§ **Problem statement**
Retype only the lines running from the beginning of the entries below to the line with "圖片說明:2月3日,寧夏中衛", both included. Do not include pictures.

Collection entries
_ _ _ _ _ _ _
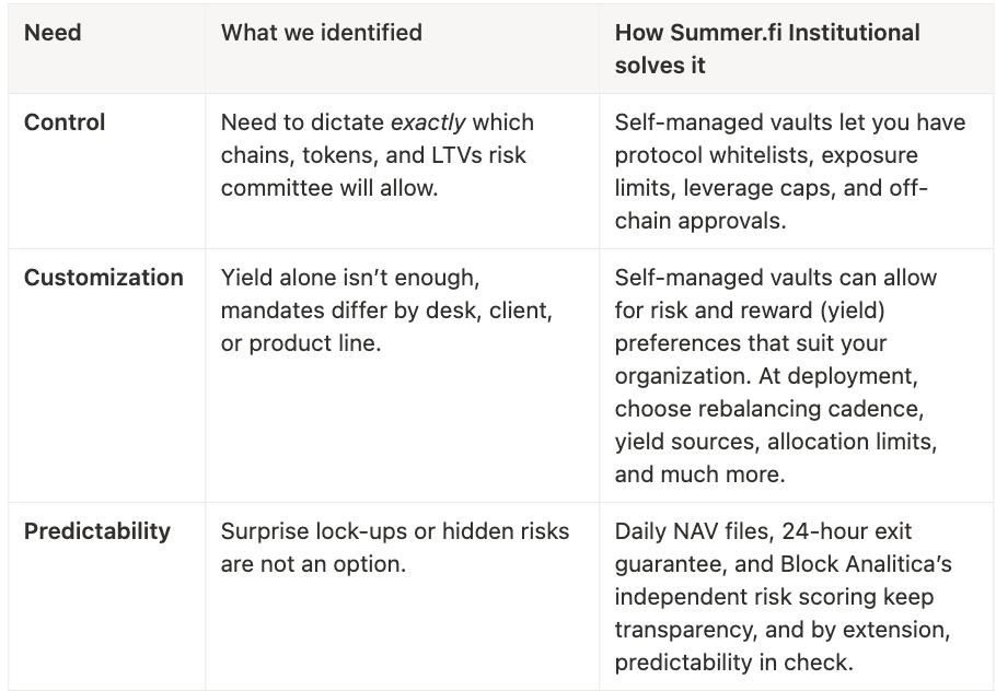 Like all good innovations, Summer.fi Institutional was born of observing painful necessity. Through analysis of banks, hedge funds, centralized exchanges, and DAO treasuries, three core institutional needs emerged:
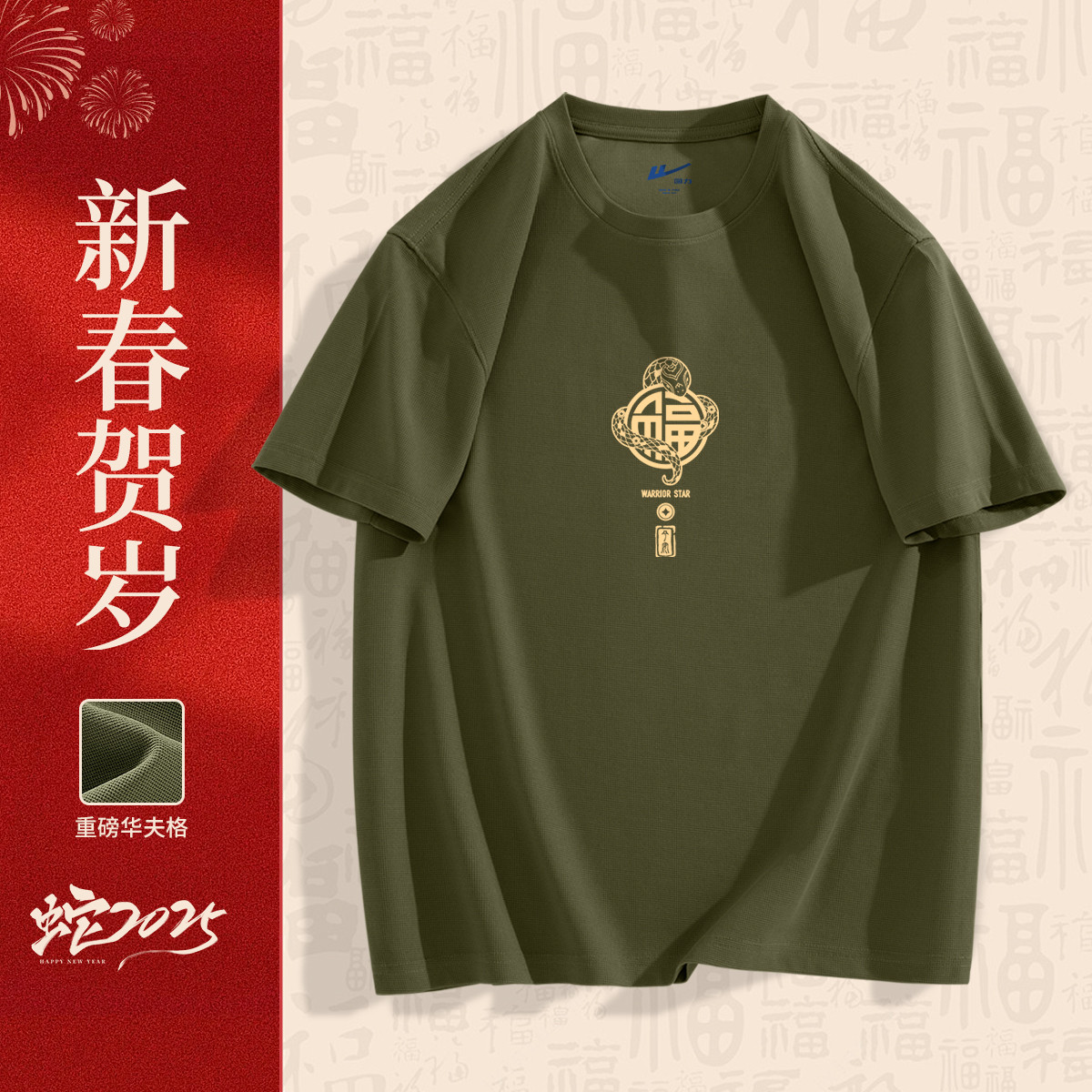【蛇年大吉】男款运动短袖夏季中国风平安福宽松大码半袖T恤衫男 508371
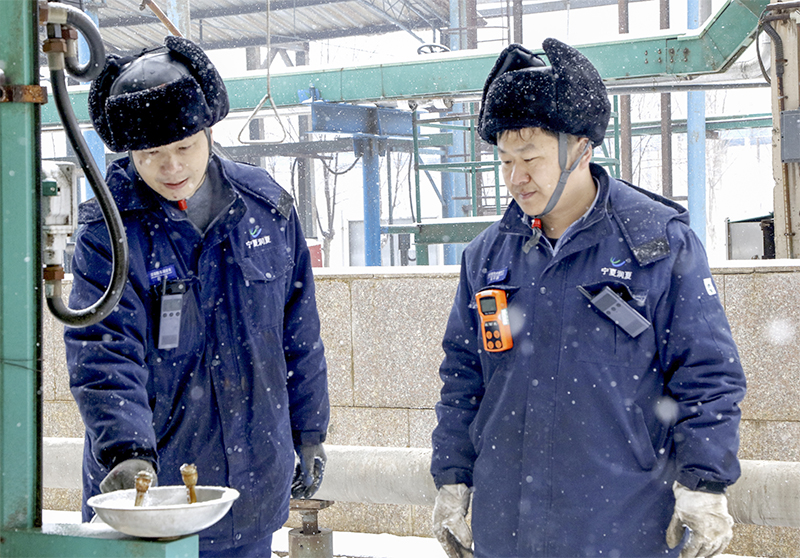 圖片說明:2月3日,寧夏中衛(wèi)市迎來了強(qiáng)降雪天氣,天寒地凍、白雪飛舞,寧夏潤(rùn)夏能源化工公司濃硝酸車間三組現(xiàn)場(chǎng)巡檢人員在裝置現(xiàn)場(chǎng)檢查重大危險(xiǎn)源硝酸罐區(qū)洗眼器出水是否正常。
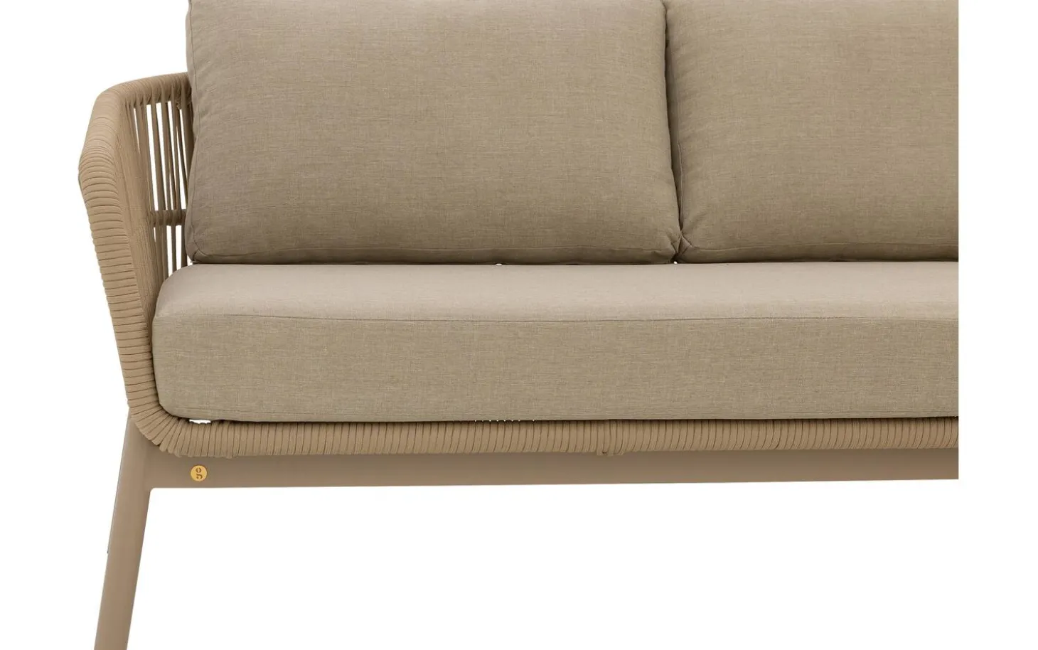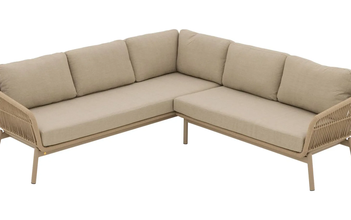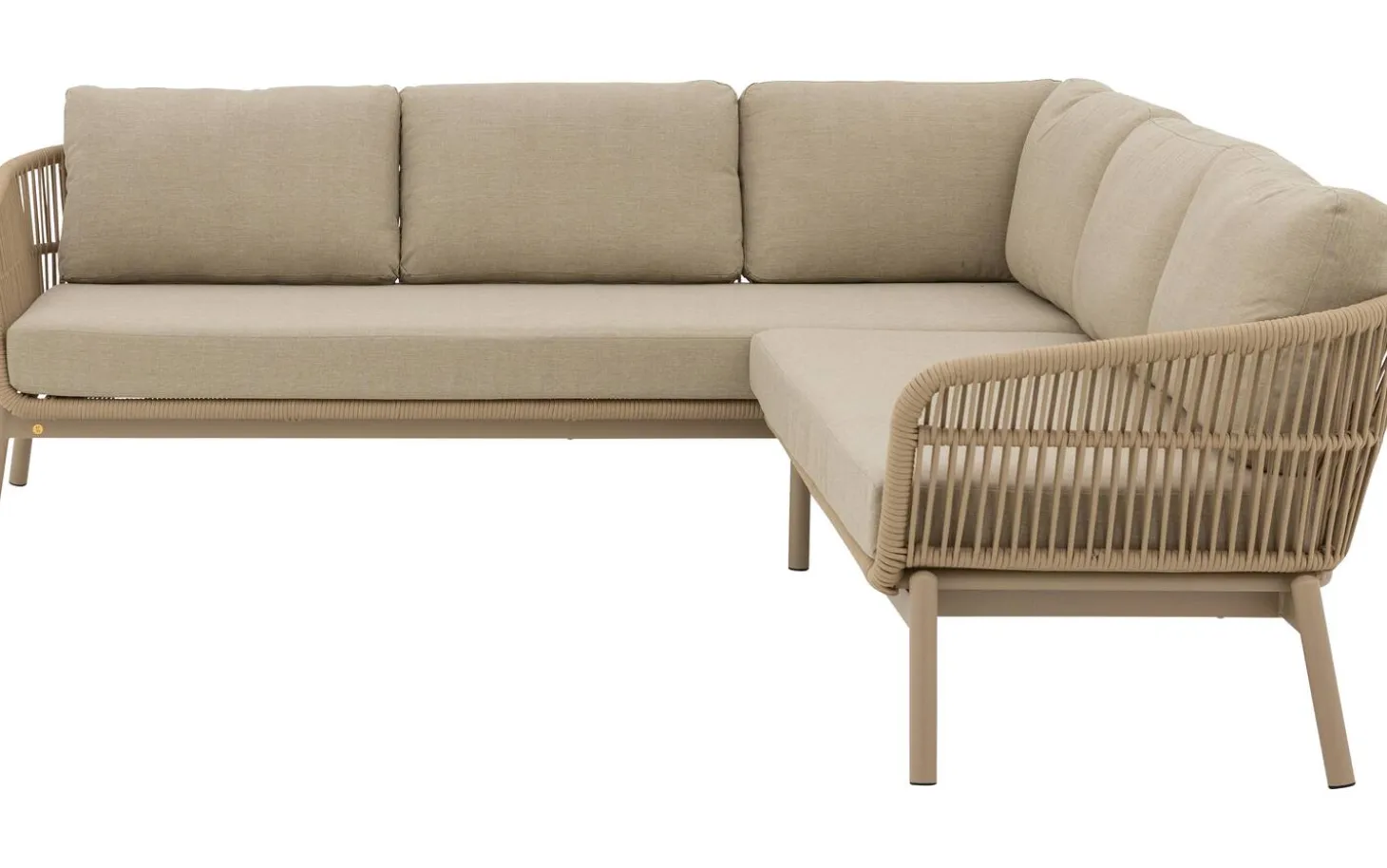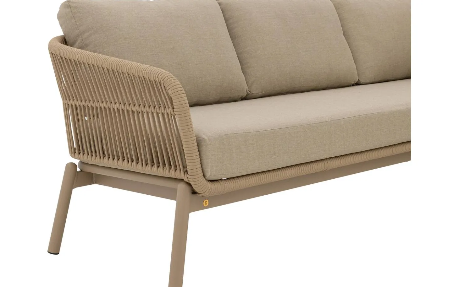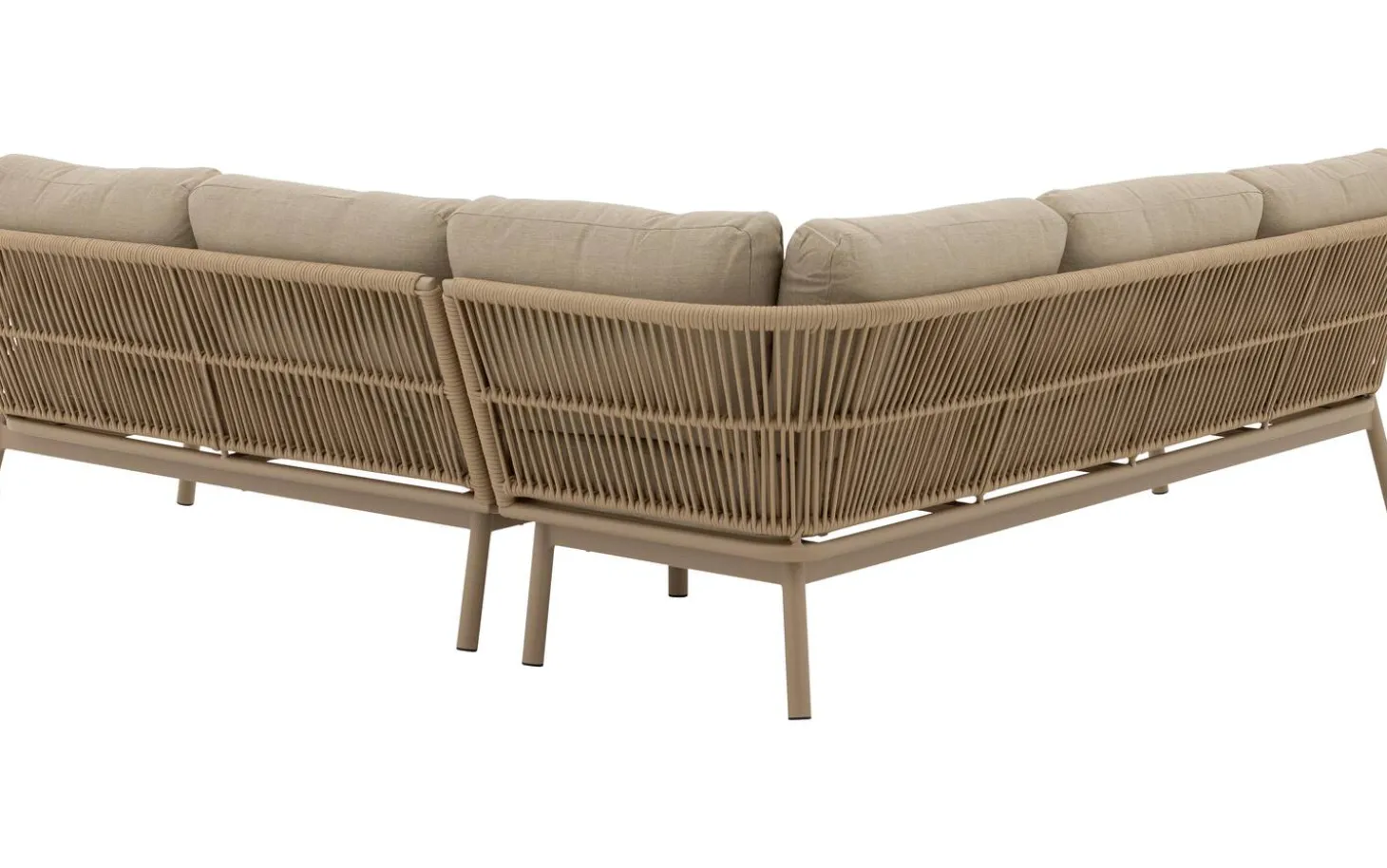 Bruine loungeset Sorrento met zachte kussens brengt die fijne ontspannen sfeer naar je tuin of terras. De warme zandkleur geeft je buitenruimte meteen een natuurlijke, uitnodigende uitstraling. Dankzij de stevige aluminium constructie met poedercoating is deze set bestand tegen wisselend weer. Ideaal voor lange zomeravonden of een ontspannen middag buiten.
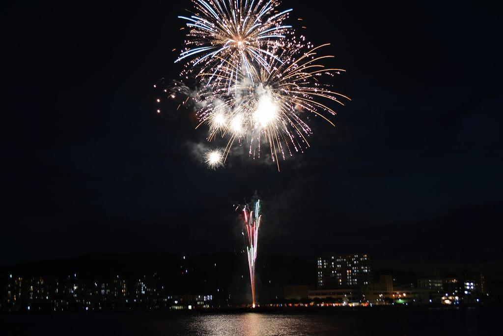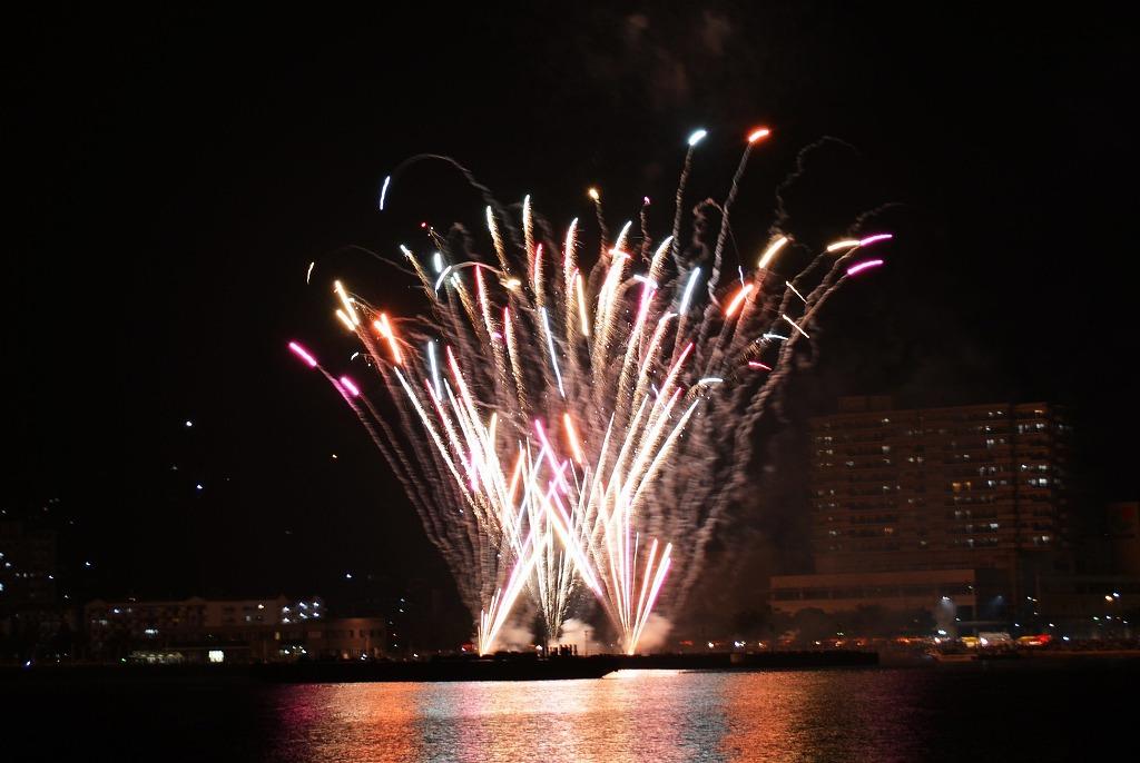 海面に色とりどりの花火が反射して、とても綺麗です。
_ _ _ _ _ _ _
§ **Result of the task**
 Like all good innovations, Summer.fi Institutional was born of observing painful necessity. Through analysis of banks, hedge funds, centralized exchanges, and DAO treasuries, three core institutional needs emerged:
【蛇年大吉】男款运动短袖夏季中国风平安福宽松大码半袖T恤衫男 508371
 圖片說明:2月3日,寧夏中衛(wèi)市迎來了強(qiáng)降雪天氣,天寒地凍、白雪飛舞,寧夏潤(rùn)夏能源化工公司濃硝酸車間三組現(xiàn)場(chǎng)巡檢人員在裝置現(xiàn)場(chǎng)檢查重大危險(xiǎn)源硝酸罐區(qū)洗眼器出水是否正常。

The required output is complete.